MATERIAL FOR THIS EXERCISE below:

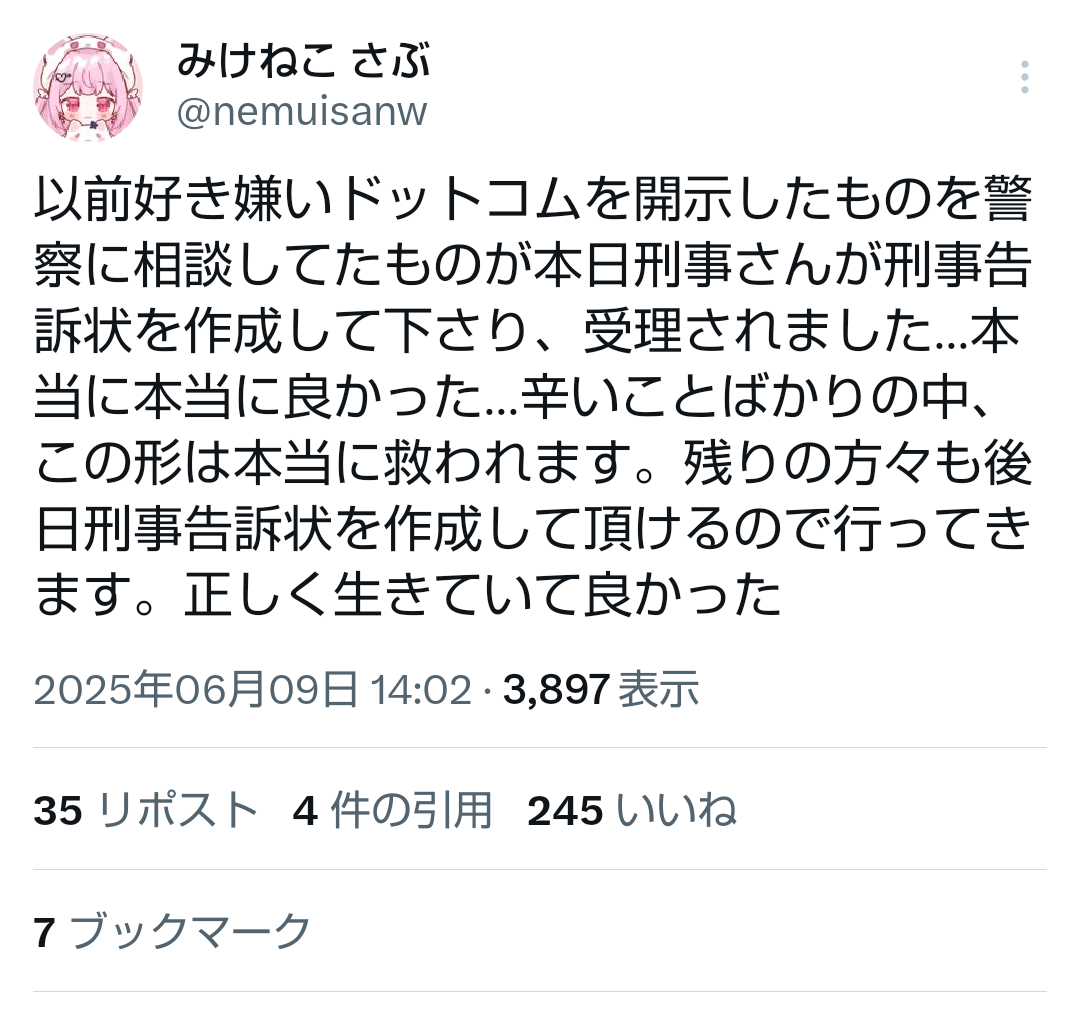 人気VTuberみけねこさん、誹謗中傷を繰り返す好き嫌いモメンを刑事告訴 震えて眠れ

End of MATERIAL FOR THIS EXERCISE.
MATERIAL FOR THIS EXERCISE below:

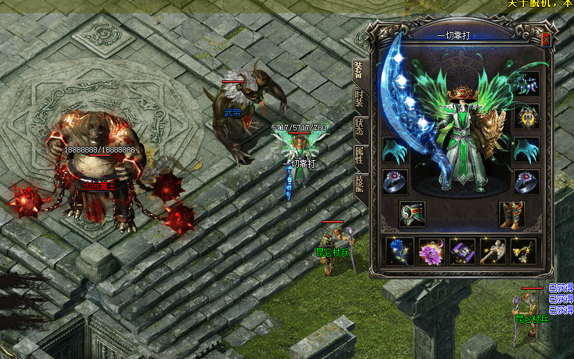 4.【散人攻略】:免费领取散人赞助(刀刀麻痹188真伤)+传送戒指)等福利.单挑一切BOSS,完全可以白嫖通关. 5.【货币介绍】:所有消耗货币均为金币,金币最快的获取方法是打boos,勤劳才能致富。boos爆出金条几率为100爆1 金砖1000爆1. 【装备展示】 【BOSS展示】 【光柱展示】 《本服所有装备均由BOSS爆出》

End of MATERIAL FOR THIS EXERCISE.
MATERIAL FOR THIS EXERCISE below:

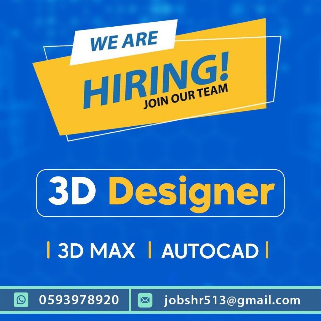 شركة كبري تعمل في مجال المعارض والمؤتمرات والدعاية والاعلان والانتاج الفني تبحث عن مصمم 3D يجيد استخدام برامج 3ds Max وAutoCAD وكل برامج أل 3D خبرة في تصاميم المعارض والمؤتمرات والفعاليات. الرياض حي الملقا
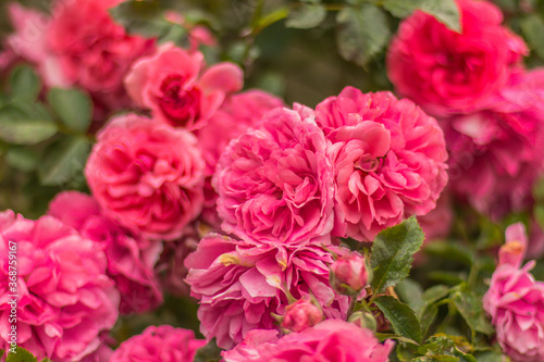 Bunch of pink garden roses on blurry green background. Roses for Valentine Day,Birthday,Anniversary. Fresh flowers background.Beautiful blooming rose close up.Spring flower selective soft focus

End of MATERIAL FOR THIS EXERCISE.

- [REQUIRED WORK] Pictures excluded, transcribe the listing above exactly from the line with "شركة كبري تعمل" through the line with "Bunch of pink", and no further.

- [ANSWER FOR THIS EXERCISE]
 شركة كبري تعمل في مجال المعارض والمؤتمرات والدعاية والاعلان والانتاج الفني تبحث عن مصمم 3D يجيد استخدام برامج 3ds Max وAutoCAD وكل برامج أل 3D خبرة في تصاميم المعارض والمؤتمرات والفعاليات. الرياض حي الملقا
 Bunch of pink garden roses on blurry green background. Roses for Valentine Day,Birthday,Anniversary. Fresh flowers background.Beautiful blooming rose close up.Spring flower selective soft focus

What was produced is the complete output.